Event Details

Biostatistics Seminar Series | "Bayesian nonparametric prediction of the taxonomic affiliation of DNA sequences"

Predicting the taxonomic affiliation of DNA sequences collected from biological samples is a fundamental step in biodiversity assessment. This task is performed by leveraging existing databases containing reference DNA sequences endowed with a taxonomic identification. However, environmental sequences can be from organisms that are either unknown to science or for which there are no reference sequences available. Thus, the taxonomic novelty of a sequence needs to be accounted for when doing classification. Professor Tommaso Rigon proposes Bayesian nonparametric taxonomic classifiers, BayesANT, which use species sampling model priors to allow unobserved taxa to be discovered at each taxonomic rank.

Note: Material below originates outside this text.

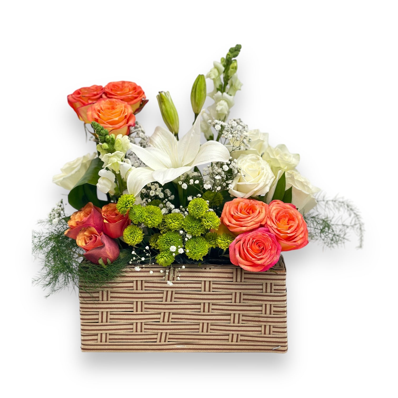 A radiant basket arrangement featuring vibrant orange roses as the centerpiece, surrounded by the luminous beauty of white lilies and white roses. Accented with lush greenery, this bouquet captures the warmth and brilliance of the sun, bringing light and joy to any space.

Using a simple product multinomial likelihood with conjugate Dirichlet priors at the lowest rank, a highly flexible supervised algorithm is developed to provide a probabilistic prediction of the taxa placement of each sequence at each rank. They run their algorithm on a carefully annotated library of Finnish arthropods (FinBOL). To assess the ability of BayesANT to recognize novelty and to predict known taxonomic affiliations correctly, Professor Rigon tests it on two training-test splitting scenarios, each with a different proportion of taxa unobserved in training. Their algorithm attains accurate predictions and reliably quantifies classification uncertainty, especially when many sequences in the test set are affiliated with taxa unknown in training.